Both PAP and LTP produce a set of active token indices T_active for a given layer, and the residual connection passes the untouched tokens unchanged, as formalized in Equation 2.
To avoid the “all‑or‑nothing” problem of applying a fixed budget across the entire network, SPTS incorporates Multi‑Stage Delayed Pruning (MSDP). The model is divided into several stages; within each stage the candidate token set remains fixed, and pruning is only performed at stage boundaries. Early stages retain a generous token budget to preserve rich contextual information, while later stages progressively shrink the budget, thereby reducing redundancy and preventing the same low‑importance tokens from being evaluated repeatedly. Empirical Jaccard similarity analysis shows that MSDP dramatically lowers overlap between successive token selections, confirming reduced redundancy.

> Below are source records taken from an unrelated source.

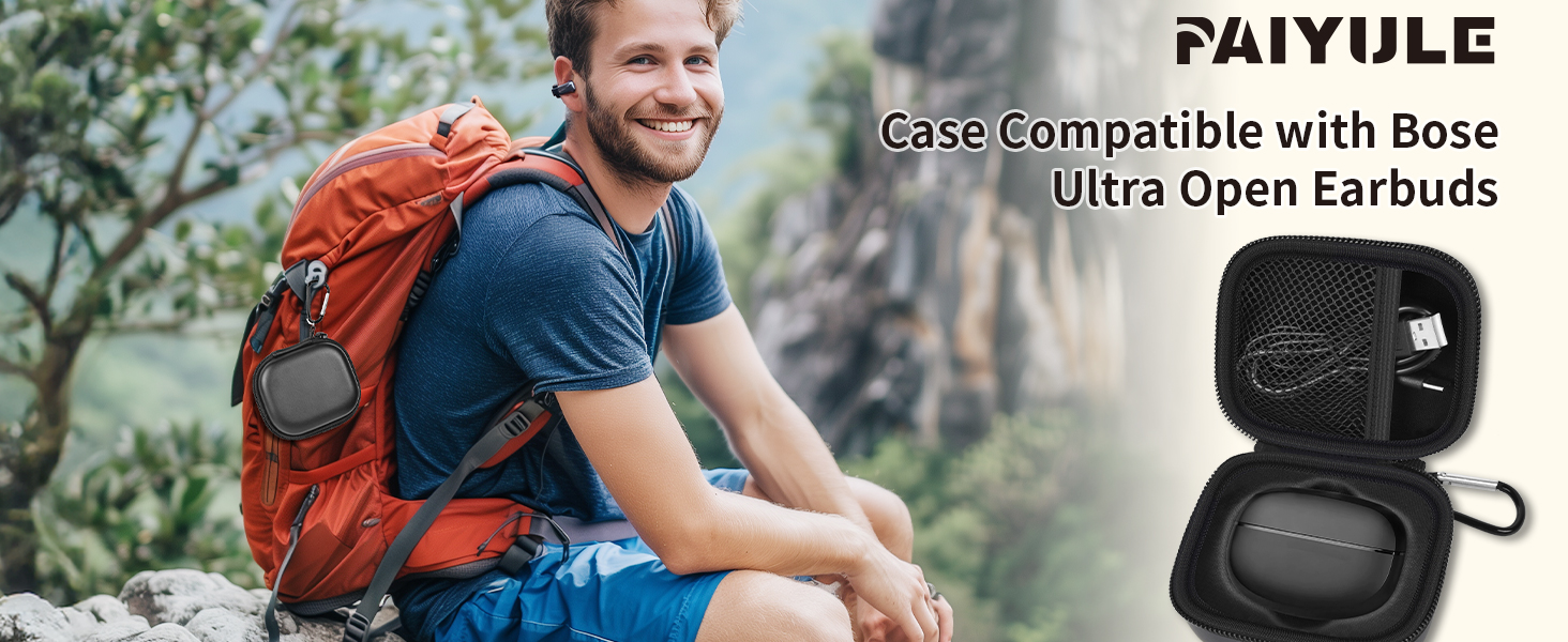 حافظة PAIYULE متوافقة مع سماعات الأذن Bose Ultra Open، حامل تخزين سماعات الأذن بمشبك لاسلكي مفتوح للأذن لصندوق الشحن، جيب شبكي منظم لسماعات الرأس OpenAudio لـ USB-C (حقيبة فقط) أسود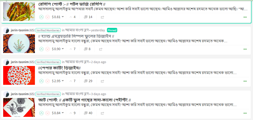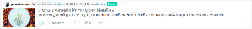 দারুন একটি পোস্ট ফিচারড আর্টিকেল সিলেক্ট করলেন। জেরিন তেসমিন আপুর পোস্ট গুলো আমার অত্যন্ত ভালো লাগে। বিশেষ করে আপুর হ্যান্ড এমব্রয়ডারি গুলো চমৎকার হয়। প্রতিনিয়ত উনি হ্যান্ড এমব্রয়ডারি গুলো শেয়ার করে যাচ্ছেন। যা দেখে অনেক বেশি অনুপ্রাণিত হয়। আজকে এমন সুন্দর একটি পোস্ট ফিচারড আর্টিকেলে দেখতে পেয়ে আমার অনেক বেশি ভালো লেগেছে।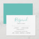 Guests can easily fill out their reply RSVP cards with attendance details and select from simple entrée options, making planning seamless for your event. The reverse side showcases a soft turquoise blue tone, inspired by sea glass, adding a fresh and cohesive touch to your stationery suite.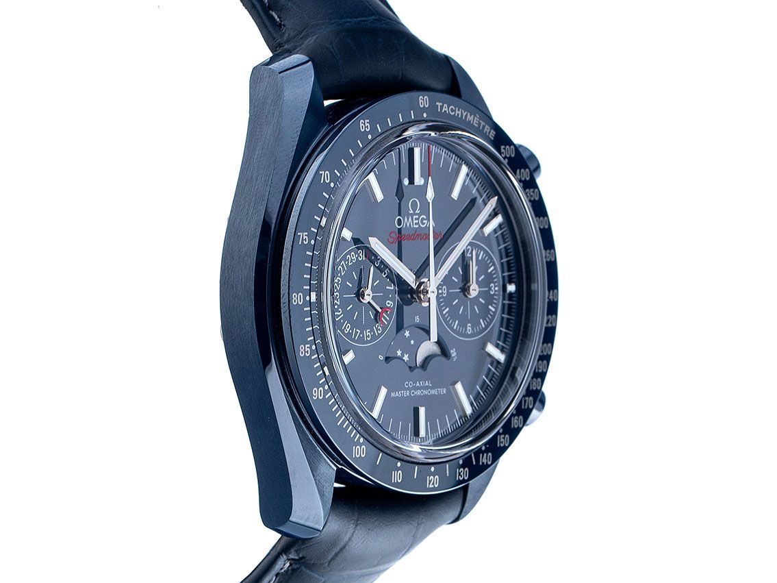 Omega Speedmaster Moonphase Ceramica Automatica Co-Axial Master Chronometer Cronografo Fase Lunare Cinturino in Pelle Chiusura Deployante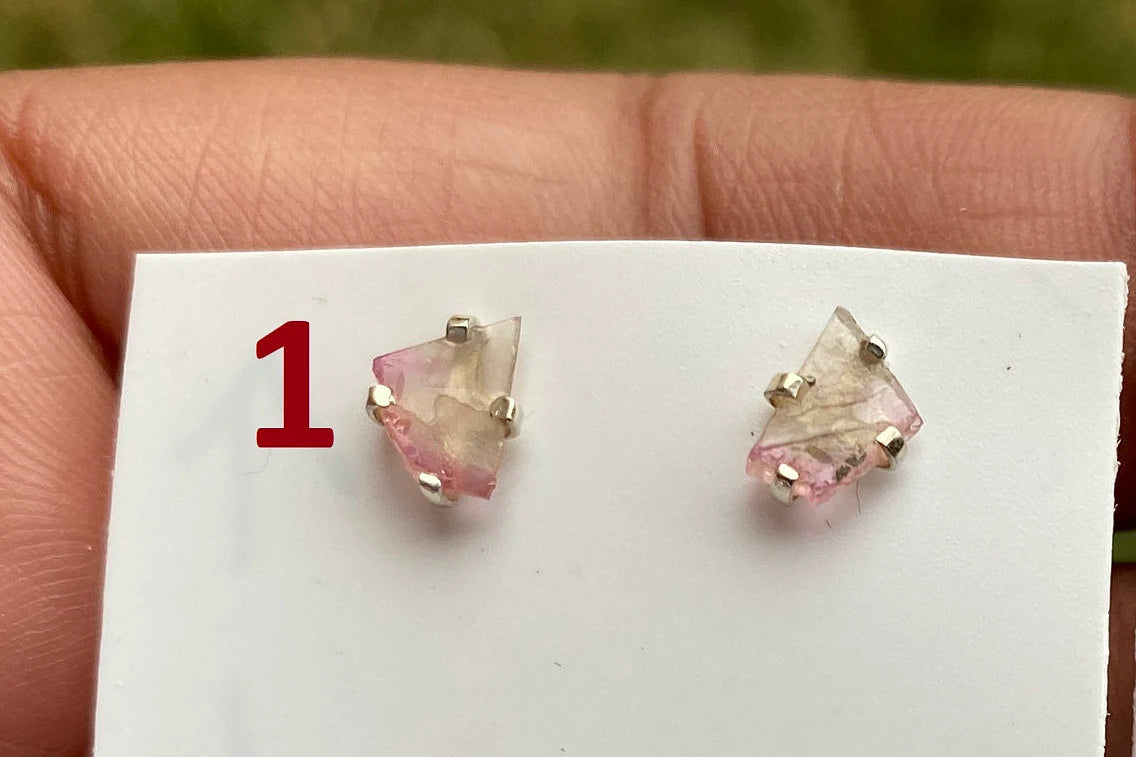 Raw Watermelon Tourmaline Studs Earring, Sterling Silver Studs, Rough Gemstone Earrings, Raw Tourmaline Stud Earrings, Natural Stone Jewelry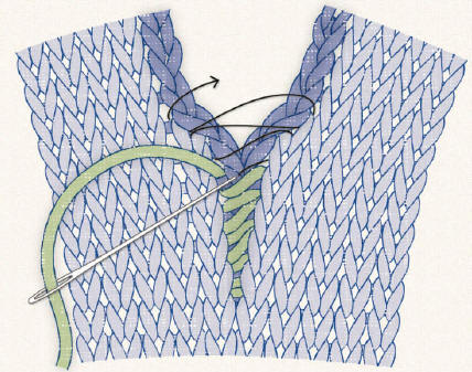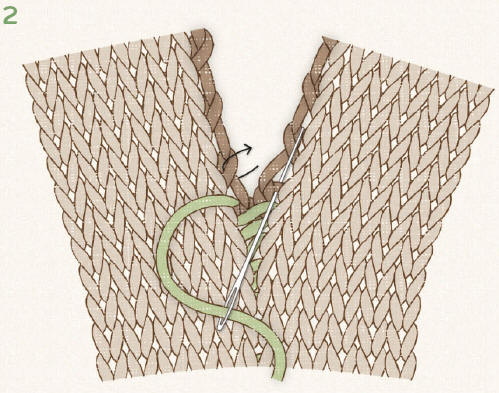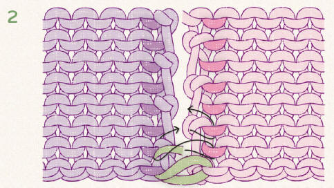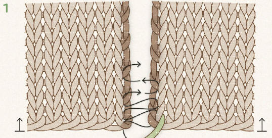 Pick up 1 row at a time, 1 half stitch in from each edge These seams are less bulky than working a full stitch in from the edge, so they are suitable for thick yarn. |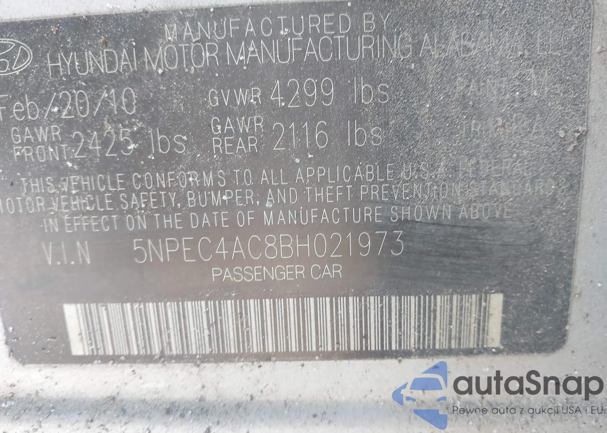 The car Hyundai Sonata 2011 (VIN 5NPEC4AC8BH021973) is sold by an unverified seller. We recommend checking the Carfax report and confirming registration possibilities before purchase.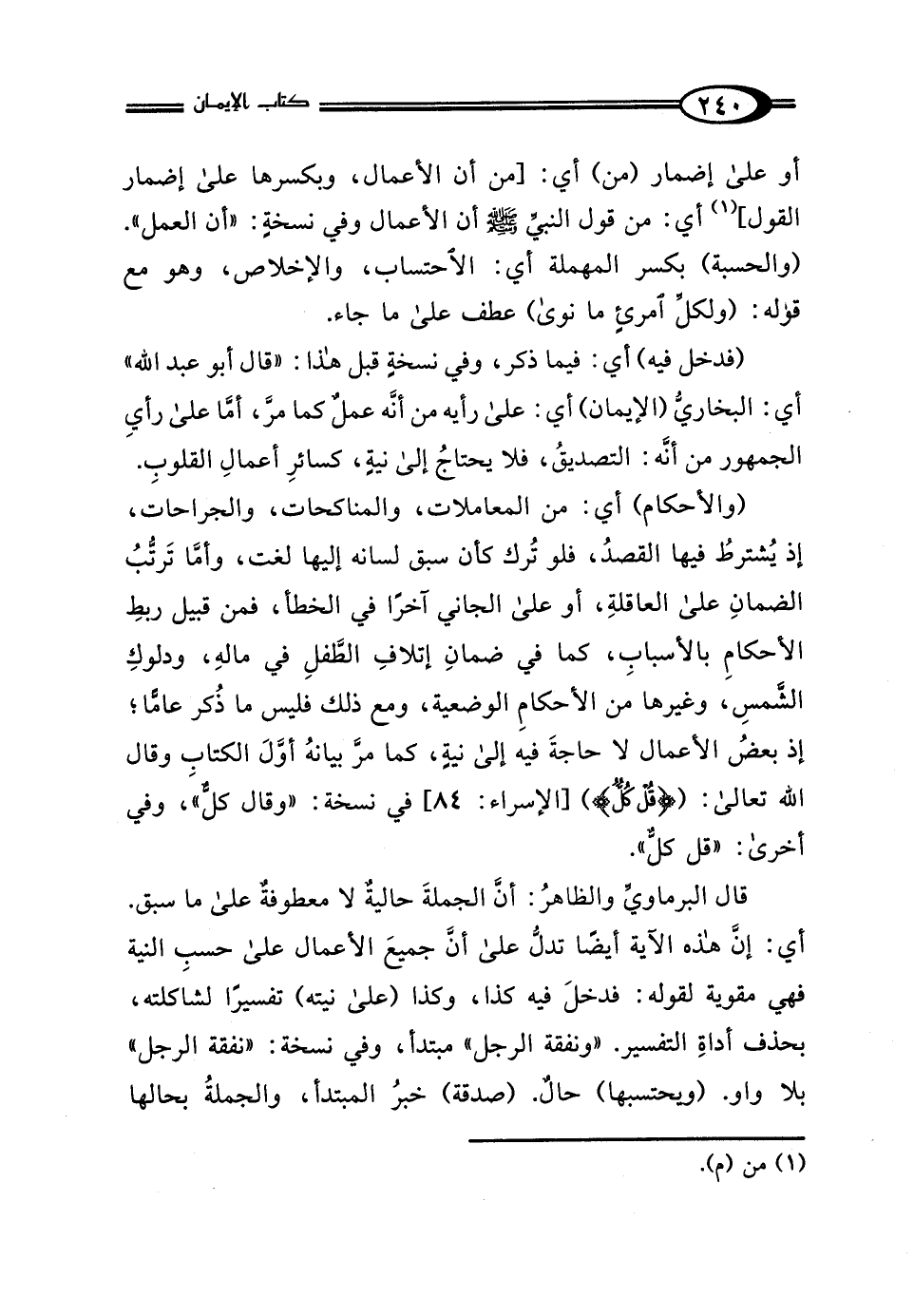 قال البرماويُّ والظاهرُ: أنَّ الجملةَ حالية لا معطوفةٌ على ما سبق. أي: إنَّ هذه الآية أيضًا تدل على أنَّ جميعَ الأعمال على حسبِ النية فهي مقوية لقوله: فدخلَ فيه كذا، وكذا (على نيته) تفسيرًا لشاكلته، بحذف أداةِ التفسير. "ونفقة الرجل" مبتدأ، وفي نسخة: "نفقة الرجل" بلا واو. (ويحتسبها) حالٌ. (صدقة) خبرُ المبتدأ، والجملةُ بحالها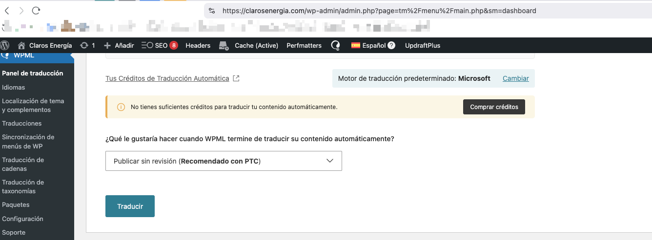 Después de migrar un sitio de desarrollo a producción, los créditos de WPML para traducción automática desaparecieron y no se mostraban correctamente en el nuevo sitio de producción, a pesar de haber añadido créditos adicionales.
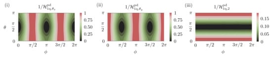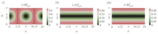 With a single-qubit, the optimal probe for sensing a rotation about the x-axis is any pure state in the Y-Z plane of the Bloch sphere. This is easily verified since, for estimating a single parameter, the Holevo bound coincides with the SLD bound, as in Equation (7). For the probe and a particular choice of the decoherence parameter, , we show the Holevo bound as a function of the Bloch sphere angles, and , in Figure 3i. This figure verifies our claim that any probe in the Y-Z plane () is optimal. The computation of the SLD bound is described in Appendix A. We now consider the state , one of the many possible optimal states. After the decoherence channel, this probe is left in the state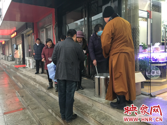 5日早上7點雖然下著小雨,滎陽市康泰路于廣武路交叉口西約100米路北,一家“翡翠紀”的店門口前卻是熱鬧非凡,一名身著僧服的僧人正在給過往市民從保溫桶里盛出熱氣騰騰的臘八粥。商家老板,上學學生,環(huán)衛(wèi)工人等紛紛來到門前,端著臘八粥喝了起來。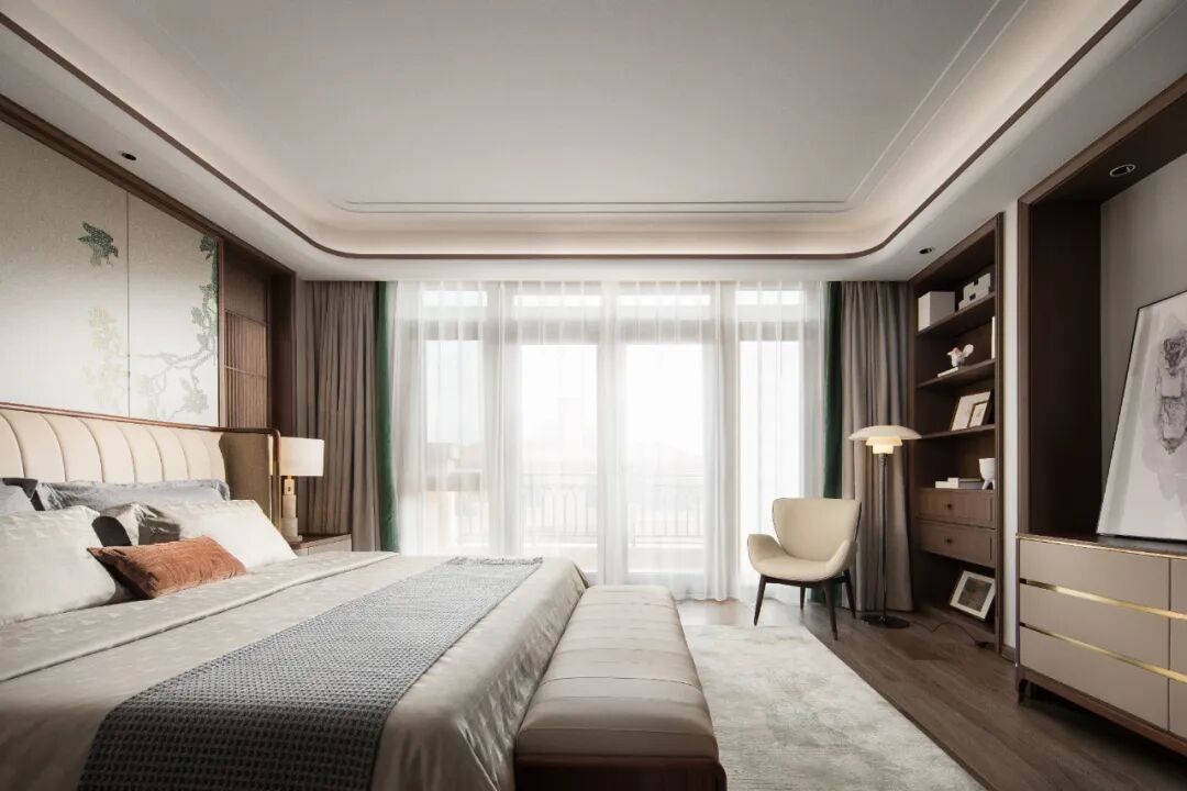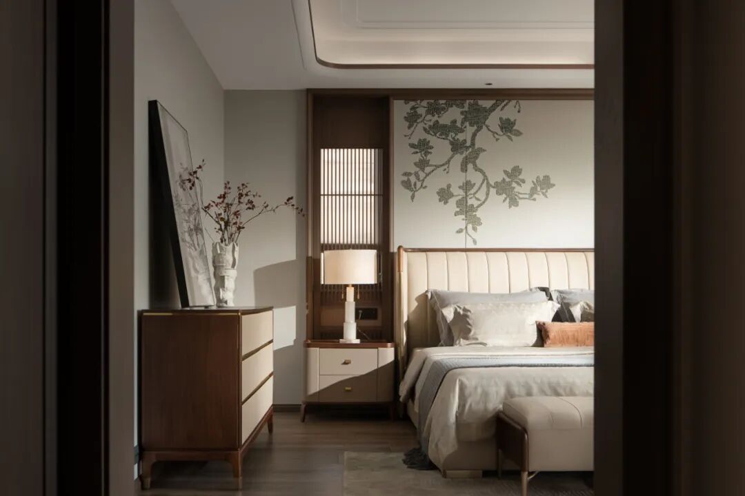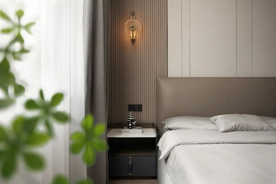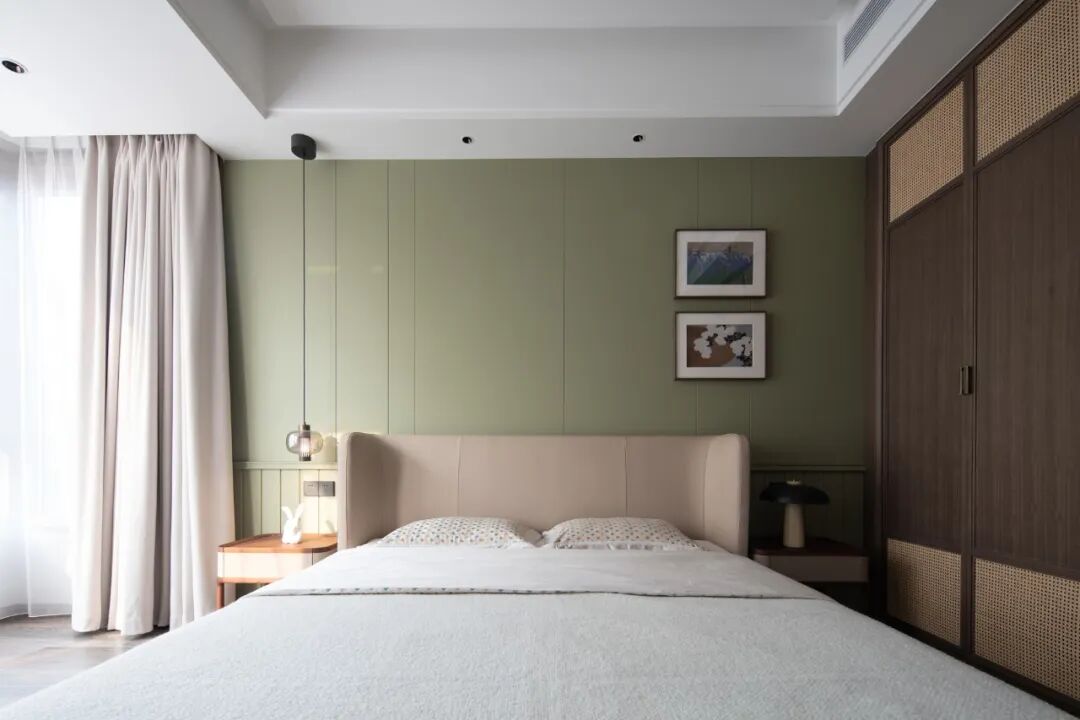 设计师用最自然和温和的材质去营造卧室空间。柔软的地毯,温润的实木,以及柔和的灯光,给人一种放松和惬意感。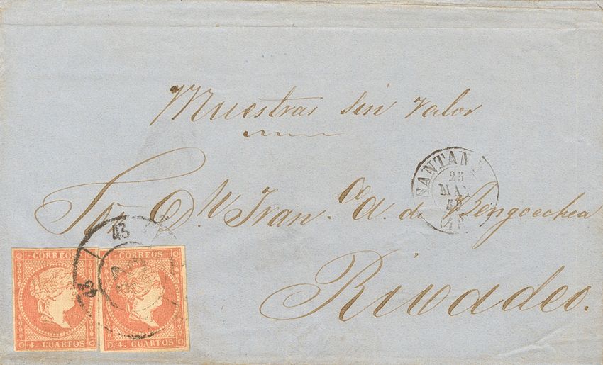 48(2). 1859. 4 cuartos rojo, dos sellos. SANTANDER a RIVADEO. Matasello R. CARRETA Nº43, manuscrito "Muestras sin valor". MAGNIFICA.
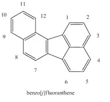 Benzo[j]fluoranthene (BjF) is an organic compound with the chemical formula C20H12. Classified as a polycyclic aromatic hydrocarbon (PAH), it is a colourless solid that is poorly soluble in most solvents. Impure samples can appear off white. Closely related isomeric compounds include benzo[a]fluoranthene (BaF), bendo[b]fluoranthene (BbF), benzo[e]fluoranthene (BeF), and benzo[k]fluoranthene (BkF). BjF is present in fossil fuels and is released during incomplete combustion of organic matter. It has been traced in the smoke of cigarettes, exhaust from gasoline engines, emissions from the combustion of various types of coal and emissions from oil heating,[1] as well as an impurity in some oils such as soybean oil.[2]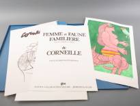 Corneille (1922-2010), map met tien werken: 'Femme et Faune Familière', vijf kleurengravures met vijf corresponderende zwart-wit gravures E/A 8/25, alle gesigneerd en gedateerd '77-'78, herkomst: Collectie Galerie Jas, Utrecht -bij één gravure met veel vlekjes in het papier, bij andere enkele vlekjes, map met slijtage en verfspatten-, 78 × 60 cm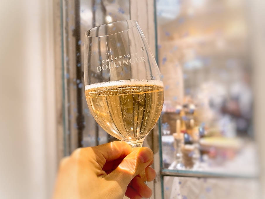 まずは、「スペシャル・キュヴェ」で、ボランジェ流に「ボリー!」と乾杯!繊細な泡が立ち上るグラスをひと口、なんて幸せな瞬間でしょう…!!

The authors evaluate SPTS on LLaMA‑3.1‑8B‑Instruct and a suite of long‑context benchmarks (LongBench, multi‑document QA, few‑shot learning, code completion). Results demonstrate up to 2.46× speedup in the pre‑fill phase and 2.29× speedup in end‑to‑end generation, with less than 0.2 % absolute drop in benchmark accuracy. Compared against strong baselines such as FlashAttention, sparse‑attention methods, and recent token‑pruning/skipping approaches, SPTS consistently offers a better speed‑accuracy trade‑off while also reducing KV‑cache memory usage thanks to selective caching.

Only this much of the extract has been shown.